* _Task statement_: Since pictures are not part of the copy, please output only the lines from the one with "As shown in" through the end of the data below, exactly as written.

* _Available data_:
──────────────────────────────
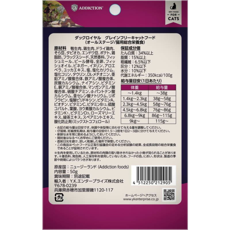 NEW 最短賞味2027.9.19・アディクション 猫 ダックロイヤル 50g全年齢猫用 有料サンプル正規品adc12905 [adc12905]
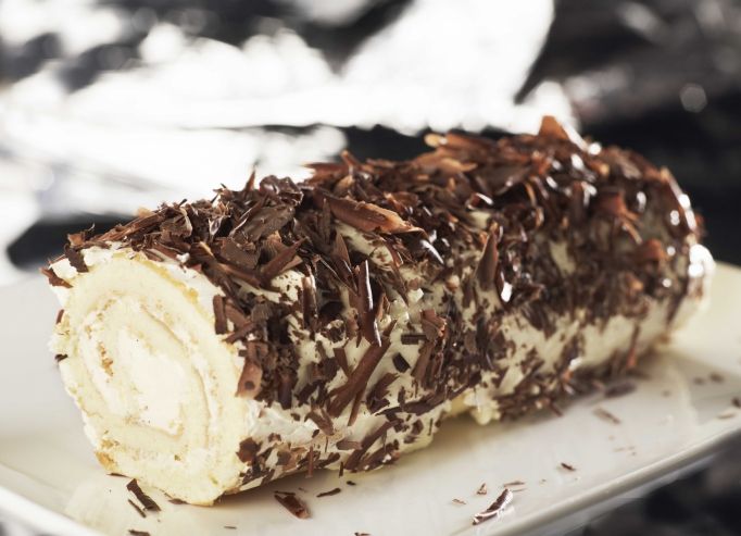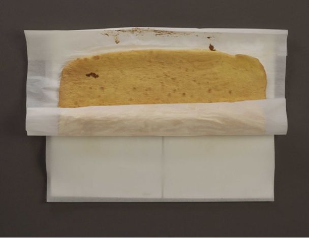 A la sortie du four, faire glisser le biscuit sur le plan de travail. Le rouler chaud dans son papier et le laisser refroidir.
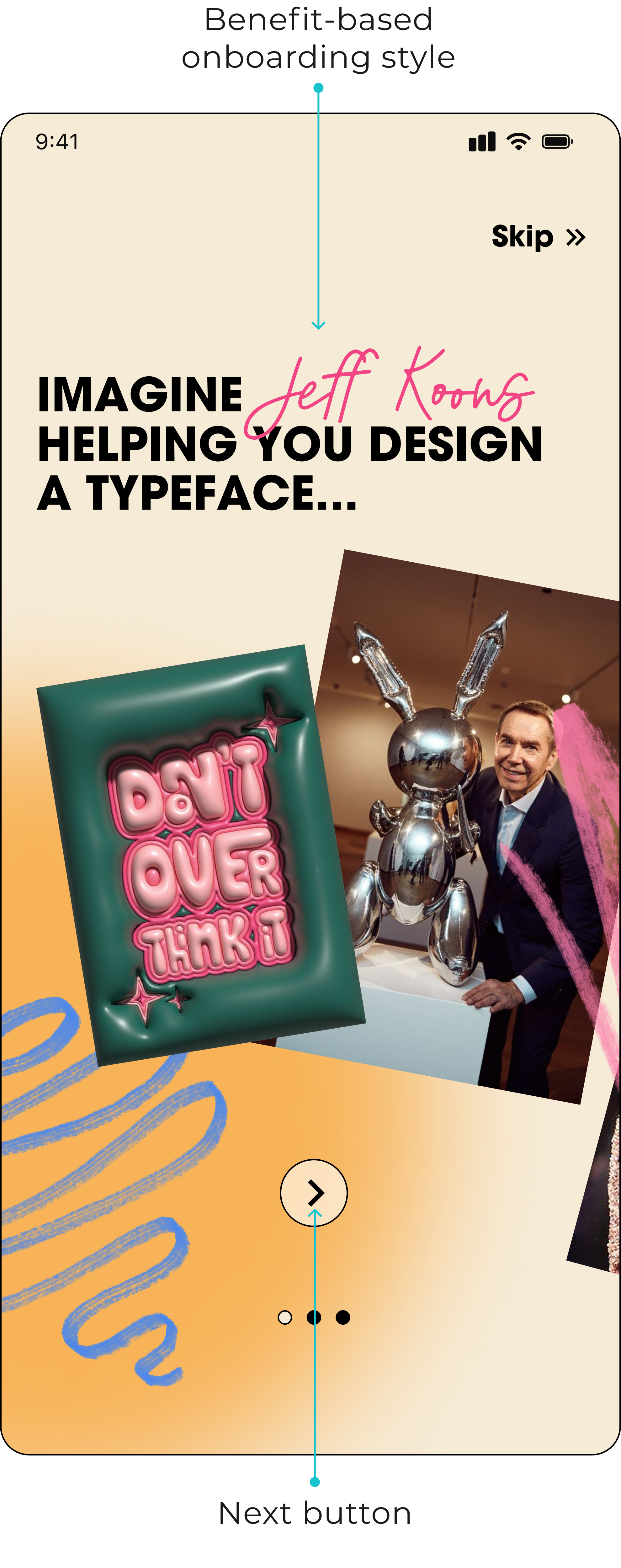 Initially, I was tasked with designing just a "home page," but I quickly realized the importance of adding an onboarding screen(s). To create a compelling user experience, I focused on a benefit-oriented approach, highlighting what users gain from the app. This approach differs from function-oriented or task-oriented ones, which mainly showcase features and tasks.
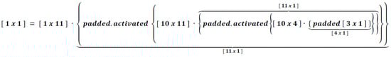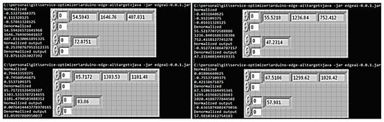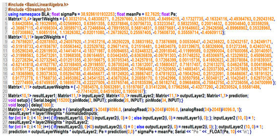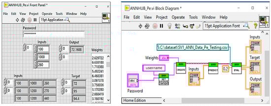 As shown in the diagram of Figure A5, the preliminary calculus provides the normalized_input = (input − mean)/standard_deviation. A transposition is then followed by the first padding (“bordering”), with a simple 1 element of the normalized_inputs column vector to enable its matrix multiplication with the above-mentioned already padded “layer1Weights” array (read from the Weights1_Bias1.csv file). Similar matrix computations are performed at the second layer and at the output. Each of the ReLU activations at the first and second hidden layers is implemented with a For Loop that individually checks all corresponding neurons outputs and, if negative, replaces them with 0 as elements in an array subset enclosed in a case structure. Finally, after reading the reference Pe parameters (as .csv files containing results of the statistic computation performed not on testing but on the training data, as emphasized before), the denormalized_output = output_mean + normalized_output ∗ output_standard_deviation is calculated.
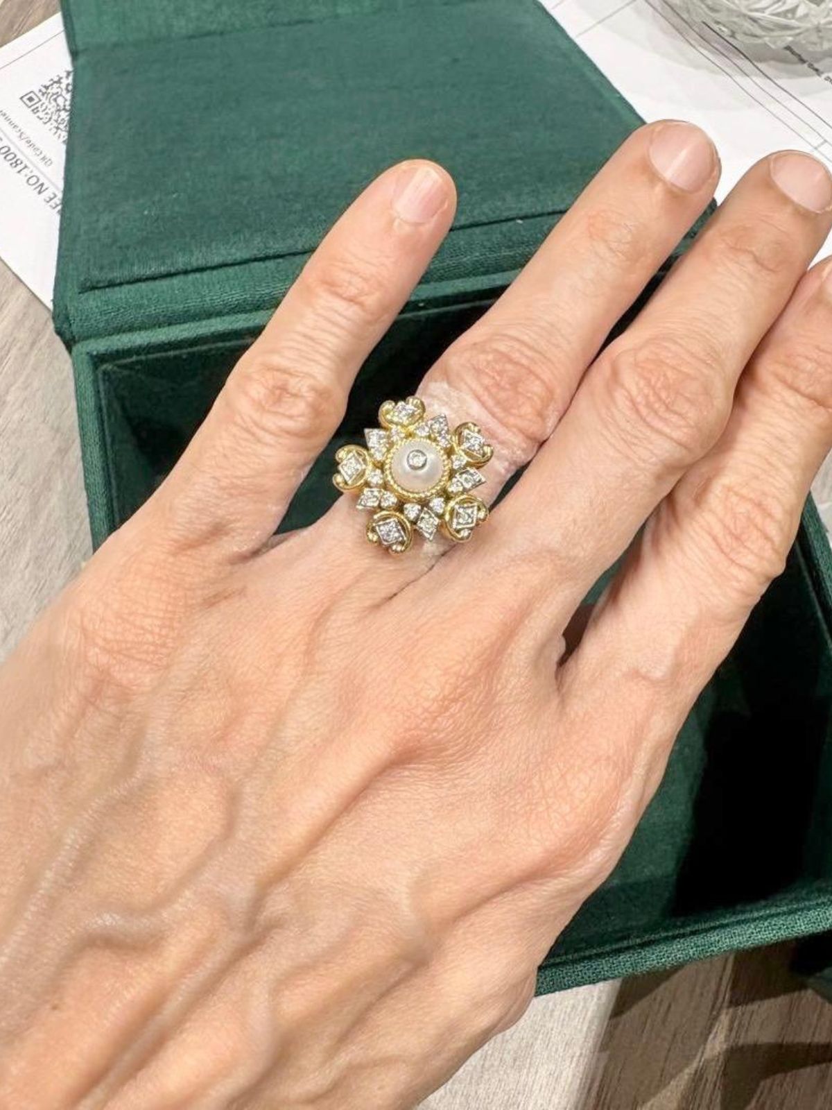 Rikta Karia flaunts her stunning Cerys emerald ring and expresses her admiration for Moi aesthetics."
──────────────────────────────
* _Result of this exercise_:
 As shown in the diagram of Figure A5, the preliminary calculus provides the normalized_input = (input − mean)/standard_deviation. A transposition is then followed by the first padding (“bordering”), with a simple 1 element of the normalized_inputs column vector to enable its matrix multiplication with the above-mentioned already padded “layer1Weights” array (read from the Weights1_Bias1.csv file). Similar matrix computations are performed at the second layer and at the output. Each of the ReLU activations at the first and second hidden layers is implemented with a For Loop that individually checks all corresponding neurons outputs and, if negative, replaces them with 0 as elements in an array subset enclosed in a case structure. Finally, after reading the reference Pe parameters (as .csv files containing results of the statistic computation performed not on testing but on the training data, as emphasized before), the denormalized_output = output_mean + normalized_output ∗ output_standard_deviation is calculated.
 Rikta Karia flaunts her stunning Cerys emerald ring and expresses her admiration for Moi aesthetics."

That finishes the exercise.